For each customer, determine the percent rank of each order based on order revenue.

Steps:

  1. Compute order revenue as
    \[\text{order\_revenue} = \sum (\text{quantity} \times \text{price})\]
  2. Apply PERCENT_RANK() within each customer

Expected concepts:

  • Distribution within partitions
  • Relative positioning of rows

Task 3: Value-from-Another-Row Functions

For each customer, compute the difference between the current order and the previous order in time.
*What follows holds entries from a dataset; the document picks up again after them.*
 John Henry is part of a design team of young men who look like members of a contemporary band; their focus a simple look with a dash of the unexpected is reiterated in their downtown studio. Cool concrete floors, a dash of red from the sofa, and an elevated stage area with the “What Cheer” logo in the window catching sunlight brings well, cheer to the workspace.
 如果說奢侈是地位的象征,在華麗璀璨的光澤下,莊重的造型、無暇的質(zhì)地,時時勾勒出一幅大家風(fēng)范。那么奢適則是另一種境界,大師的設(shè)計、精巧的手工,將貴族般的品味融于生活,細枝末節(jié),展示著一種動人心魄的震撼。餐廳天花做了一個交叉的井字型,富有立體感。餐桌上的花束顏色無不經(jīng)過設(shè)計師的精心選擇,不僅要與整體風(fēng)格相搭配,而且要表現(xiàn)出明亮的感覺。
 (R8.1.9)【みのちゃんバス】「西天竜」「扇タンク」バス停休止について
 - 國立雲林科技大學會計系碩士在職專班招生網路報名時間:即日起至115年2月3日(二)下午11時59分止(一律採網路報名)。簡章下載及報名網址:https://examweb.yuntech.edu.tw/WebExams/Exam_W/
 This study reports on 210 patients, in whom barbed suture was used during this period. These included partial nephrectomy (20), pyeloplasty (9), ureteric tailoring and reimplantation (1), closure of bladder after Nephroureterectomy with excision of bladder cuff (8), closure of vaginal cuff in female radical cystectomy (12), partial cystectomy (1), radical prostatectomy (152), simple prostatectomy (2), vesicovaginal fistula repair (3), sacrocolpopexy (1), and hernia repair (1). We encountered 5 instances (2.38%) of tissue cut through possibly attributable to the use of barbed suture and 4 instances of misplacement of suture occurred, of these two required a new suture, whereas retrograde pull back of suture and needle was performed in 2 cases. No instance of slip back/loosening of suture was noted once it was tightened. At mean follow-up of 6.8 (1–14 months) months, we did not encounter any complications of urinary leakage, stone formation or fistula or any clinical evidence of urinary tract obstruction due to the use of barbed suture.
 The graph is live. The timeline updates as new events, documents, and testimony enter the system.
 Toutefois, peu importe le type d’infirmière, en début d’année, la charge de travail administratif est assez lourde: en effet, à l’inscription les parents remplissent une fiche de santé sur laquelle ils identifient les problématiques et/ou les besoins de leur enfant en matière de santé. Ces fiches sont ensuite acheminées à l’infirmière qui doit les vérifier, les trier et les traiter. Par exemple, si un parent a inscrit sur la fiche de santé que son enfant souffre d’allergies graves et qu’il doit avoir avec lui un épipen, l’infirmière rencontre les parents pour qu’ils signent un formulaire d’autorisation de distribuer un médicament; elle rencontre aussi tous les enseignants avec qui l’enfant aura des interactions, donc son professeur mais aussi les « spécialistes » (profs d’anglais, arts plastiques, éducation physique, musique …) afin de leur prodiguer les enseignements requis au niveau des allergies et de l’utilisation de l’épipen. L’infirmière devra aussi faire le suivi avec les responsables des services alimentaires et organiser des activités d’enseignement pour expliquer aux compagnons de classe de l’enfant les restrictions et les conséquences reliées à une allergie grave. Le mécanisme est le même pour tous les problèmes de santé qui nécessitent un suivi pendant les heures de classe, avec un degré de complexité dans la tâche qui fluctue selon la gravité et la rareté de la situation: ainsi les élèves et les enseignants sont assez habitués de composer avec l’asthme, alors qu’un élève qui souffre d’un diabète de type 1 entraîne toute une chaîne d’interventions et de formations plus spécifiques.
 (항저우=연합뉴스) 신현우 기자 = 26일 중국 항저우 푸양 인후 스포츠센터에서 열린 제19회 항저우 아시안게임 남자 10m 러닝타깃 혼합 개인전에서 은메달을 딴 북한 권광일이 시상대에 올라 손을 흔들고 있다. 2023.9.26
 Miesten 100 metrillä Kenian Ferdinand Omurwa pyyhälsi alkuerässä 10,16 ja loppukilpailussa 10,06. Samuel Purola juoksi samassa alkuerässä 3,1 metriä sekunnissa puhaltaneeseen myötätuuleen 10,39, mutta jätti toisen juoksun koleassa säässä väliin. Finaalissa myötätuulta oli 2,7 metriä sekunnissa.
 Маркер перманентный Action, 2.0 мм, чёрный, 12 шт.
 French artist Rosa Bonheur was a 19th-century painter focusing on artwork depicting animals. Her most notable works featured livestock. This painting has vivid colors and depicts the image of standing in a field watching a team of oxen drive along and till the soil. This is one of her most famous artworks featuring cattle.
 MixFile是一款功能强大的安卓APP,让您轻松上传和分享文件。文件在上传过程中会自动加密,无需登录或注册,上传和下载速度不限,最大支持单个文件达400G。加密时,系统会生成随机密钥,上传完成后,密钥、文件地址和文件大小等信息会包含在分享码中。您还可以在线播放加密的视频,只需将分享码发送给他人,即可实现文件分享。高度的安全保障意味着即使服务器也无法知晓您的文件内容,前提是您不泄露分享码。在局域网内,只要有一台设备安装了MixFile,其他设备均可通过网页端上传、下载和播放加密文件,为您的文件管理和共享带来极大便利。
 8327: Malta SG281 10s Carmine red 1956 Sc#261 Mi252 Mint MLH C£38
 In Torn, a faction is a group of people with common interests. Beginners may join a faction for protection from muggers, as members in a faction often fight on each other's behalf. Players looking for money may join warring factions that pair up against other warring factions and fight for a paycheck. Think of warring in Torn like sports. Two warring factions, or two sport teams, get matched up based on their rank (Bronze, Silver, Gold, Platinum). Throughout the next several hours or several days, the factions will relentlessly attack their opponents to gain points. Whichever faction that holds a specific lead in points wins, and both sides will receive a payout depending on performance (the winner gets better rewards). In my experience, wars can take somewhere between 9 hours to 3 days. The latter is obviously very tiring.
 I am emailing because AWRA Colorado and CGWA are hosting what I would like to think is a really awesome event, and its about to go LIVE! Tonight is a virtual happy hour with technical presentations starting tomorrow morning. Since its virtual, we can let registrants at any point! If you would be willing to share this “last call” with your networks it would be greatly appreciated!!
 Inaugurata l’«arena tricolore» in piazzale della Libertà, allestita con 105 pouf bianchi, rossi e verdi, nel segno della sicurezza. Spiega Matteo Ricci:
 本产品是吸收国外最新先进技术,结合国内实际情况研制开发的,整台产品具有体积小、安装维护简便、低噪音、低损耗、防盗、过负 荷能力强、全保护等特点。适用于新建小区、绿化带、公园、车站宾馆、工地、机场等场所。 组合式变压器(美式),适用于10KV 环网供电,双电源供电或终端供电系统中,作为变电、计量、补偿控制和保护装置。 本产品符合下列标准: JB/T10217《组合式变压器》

  • Orders must be compared chronologically
  • The first order per customer should return NULL for the difference

Expected concepts:

  • LAG()
  • Time-aware ordering
  • Change detection

Task 4: Ranking Functions

Within each city, rank customers by their total lifetime spend.

Requirements:

  • Customers with the same spend must receive the same rank
  • No gaps should appear in ranking

Expected concepts:

  • DENSE_RANK()
  • Partitioning by geography
  • Ranking based on aggregated metrics

Task 5: String Aggregation Window Functions

For each customer, construct a chronological history of product categories they have purchased.

Requirements:

  • Categories must be ordered by order date
  • The full history must appear on every row for that customer

Expected concepts:

  • STRING_AGG() with window framing
  • Ordered categorical sequencing
  • Behavioral traceability

Task 6: Channel Behavior Pattern (Advanced)

Create a result showing:

  • A channel usage pattern (e.g. online, store)
  • The number of customers exhibiting that pattern

Rules:

  • Do not sort channels alphabetically
  • Let the order emerge naturally from purchase behavior
  • Customers using only one channel must appear as well

Expected concepts:

  • String aggregation
  • Grouping by derived behavioral signatures
  • Sensitivity to ordering

Submission Guidelines

  • Write one query per task
  • Each query must be executable independently
  • Focus on correctness, not formatting
  • Prefer clarity over cleverness

This assignment evaluates your ability to reason across rows, not just aggregate them.